关键词:
Automatic performance tuning
hardware simulation
scheduling
simultaneous localization and mapping (SLAM)
摘要:
Visual understanding of 3-D environments in real time, at low power, is a huge computational challenge. Often referred to as simultaneous localization and mapping (SLAM), it is central to applications spanning domestic and industrial robotics, autonomous vehicles, and virtual and augmented reality.
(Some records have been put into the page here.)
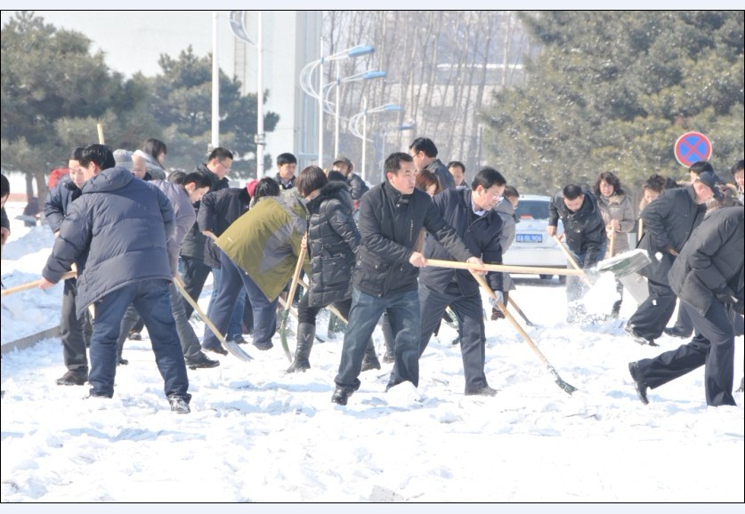 参加清雪的部门:党办、院办、组织部、宣传部、学工部、离退处、纪检监察办公室、审计处、人事处、教务处、科研处、计划财务处、国有资产处、发展规划处、国际交流处、保卫处、招生就业处、团委、后勤管理处、后勤服务总公司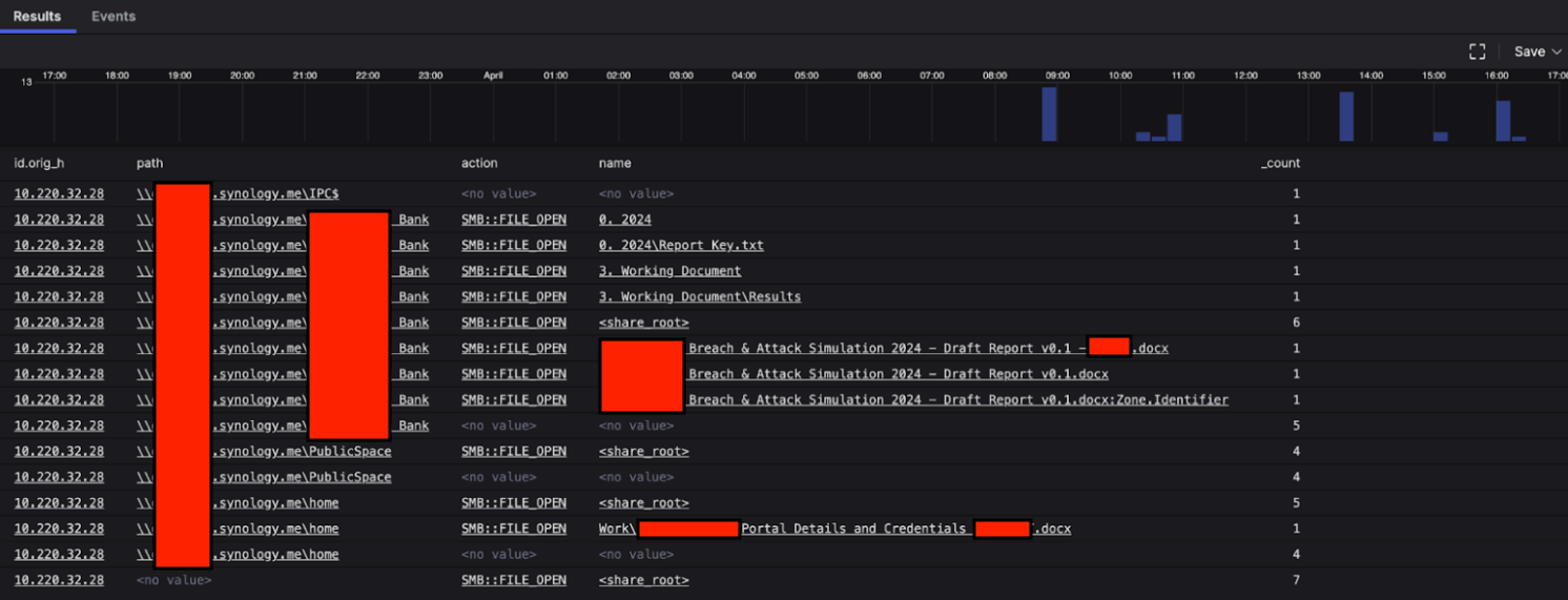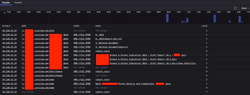 The remote hostname matched a subdomain used for Synology remote access, so it appeared that the attendee was connecting to their home NAS. The plot thickened when I saw that they were accessing some rather sensitive documents regarding a Japanese bank’s security testing plans. One of the files accessed contained credentials and API endpoints!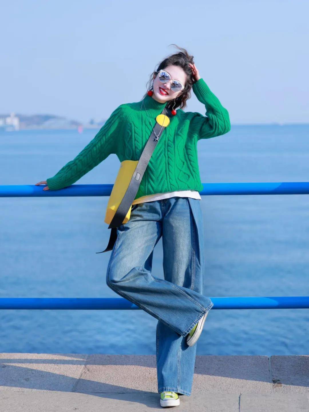 选择一件绿色的高领毛衣或者外套搭配一条牛仔蓝裤子,这样的搭配不仅保暖舒适,还能展现出低调而不失品味的时尚风格。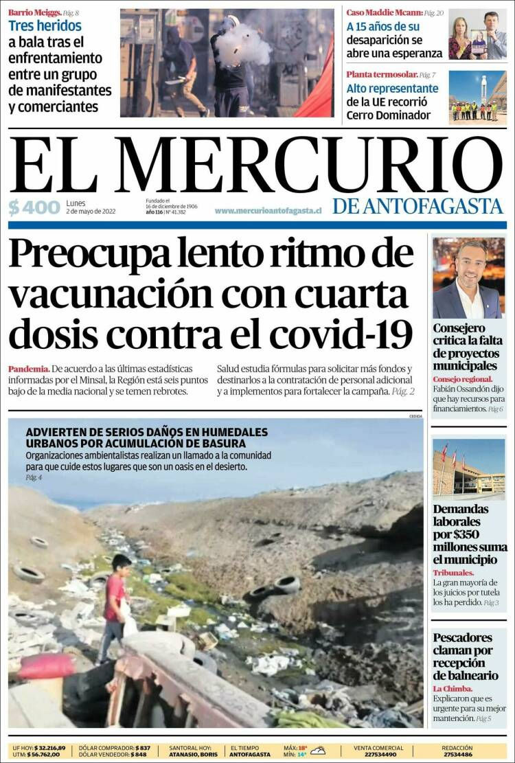 PORTADAS DE LA PRENSA ESCRITA LOCAL PARA HOY LUNES 02 DE MAYO Radio Antofagasta Online2 may 20220 Min. de lectura

This paper describes the results of a major research effort to assemble the algorithms, architectures, tools, and systems software needed to enable delivery of SLAM, by supporting applications specialists in selecting and configuring the appropriate algorithm and the appropriate hardware, and compilation pathway, to meet their performance, accuracy, and energy consumption goals. The major contributions we present are: 1) tools and methodology for systematic quantitative evaluation of SLAM algorithms;2) automated, machine-learning-guided exploration of the algorithmic and implementation design space with respect to multiple objectives;3) end-to-end simulation tools to enable optimization of heterogeneous, accelerated architectures for the specific algorithmic requirements of the various SLAM algorithmic approaches;and 4) tools for delivering, where appropriate, accelerated, adaptive SLAM solutions in a managed, JIT-compiled, adaptive runtime context.